What people say


Nigel Jones

Formerly the Director for the UK CyberSecurity KTN and now Senior Fellow at Cranfield University and the Defence Academy.

“As the Director for the UK’s Cyber Security KTN, a government/private sector collaboration funded by the UK Technology Strategy Board, I  met and worked with Bruce. He showed a thorough understanding of the implications of information security not only within the context of organisational challenges and opportunities but also the broader relationship with national policy. This led to an agreement to fund some work into his IRISS (Integrated Information Security Strategy). Bruce was also active in championing SMEs needs in adopting security best practice and the economic arguments for adopting information security. I admire Bruce for his drive and strategic thinking in the security domain.”


John Sharp ( former CEO of the Business Continuity Institute)

Formerly Chief Executive of the Business Continuity Institute, Associate Course Director at the UK Government Emergency Planning College, Honorary Fellow of the Business Continuity Institue,  BCM Technical Expert for the UK Accreditation Service and  author upon BCM.

“I have known Bruce Hallas of the Marmalade Box for the past three years.  His knowledge and understanding of the issues surrounding organisation resilience and, in particular, information security is outstanding.  His approach to raising the issues involved in these topics is innovative and his enthusiasm is infectious.

I have no hesitation in recommending Bruce Hallas to any person or organisation”


James Marston

Head of Security at the HMRC Aspire Project.

I have known Bruce for seven years and met him when I joined his team as a security consultant at ISC Networks.  I joined ISC after meeting Bruce and experiencing his passion for Information Security.  Bruce had at this time a visionary approach to security recognising that it needed board level understanding and sponsorship if it was to be successful and more than a product based answer.

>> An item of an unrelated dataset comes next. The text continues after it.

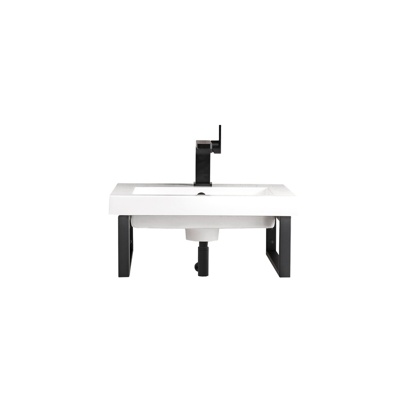 Minimalistic and bold, the design of the Boston floating console by James Martin Vanities will add a sleek look to any bathroom. The metal framing creates an open view allowing for the appearance of expanded space. The compelling design of this piece with its substantial frame not only improves stability but also provides a location from which is perfect for hanging towels or washcloths. The smooth white composite sink is a perfect match for this dynamic piece. The space saving design combines the multiple finishes of the metal structure to durable materials and compact dimensions, features found only in the most sophisticated bathroom.

He identified that a business driven engagement was needed with board level engagement.  Previously, I had seen security driven into organisations by system integrators as a series of disparate product based solutions sold into the IT department, never engaging within a risk based discussion with board level stakeholders.

Whilst at ISC Bruce also created a proposition of a BS7799 service offering which aimed to support SME’s to implement BS7799. His motivation was to address the barriers to the implementation of security best practice amongst small and medium sized businesses.  He and others within the team worked to secure clients who saw both the regulatory need and the business advantage which could be gained from having assurance that their information assets where being given appropriate and proportionate protection.

Since leaving ISC and starting up his own information security practice Bruce has continued to focus upon the application of security within business.  His passion and commitment to this has been steadfast throughout, never wavering from his core values.  This passion is to inform the business or individual, who is accountable for managing risk, by providing relevant facts and evidence applicable to the audience.  He is professional and has absolute integrity, sometimes at the cost of a sale.  If the client does not see the need for information security and the protection of their business assets, Bruce will leave them to operate.

I would recommend Bruce as a true Information Security professional and one whom I would happily work with or for again.


Prof. David Pym

HP Research Laboratories

I find Bruce’s contributions to our development of our understanding of issues in information security and stewardship to be well-informed, well-articulated, and most valuable.

Mark Harrison

Information Security Manager Southern Water

“Bruce has a clear view on how information & IT security can add value within an organisation based around balancing business risk and impact, to cash flow and profitability, with security threats. This, combined with his ability to quickly grasp stakeholder interests and their relationship with security, enables him to communicate effectively with senior managers and directors. His experience and training outside of IT, especially in law, finance and marketing means that he brings a business perspective to discussions and conducting risk assessments. He understands how security risks could be influenced by factors outside of the IT domain and how IT security incidents can affect the performance and metrics of key business stakeholders. Bruce is a problem solver and is likely to throw new light on current IT security management problems. We discussed improving stakeholder engagement, addressing the internal perception of IT Security as a barrier to productive and effective business and developing and maintaining an effective security presence on a limited budget. On a personal level his enthusiasm for security creates a level of interest and enthusiasm for security which inspires others. He is an active team member, willing to answer questions in a pragmatic manner and provides clear practical advice. Bruce is an asset and I look forward to engaging with him again in the future.” October 10, 2012

Robin Smith

Information Governance Manager

“Bruce provided a forensic analysis of our security issues and risks. He provided a realistic and well defined blueprint for improvement and remained supportive and insightful throughout the implementation phase.”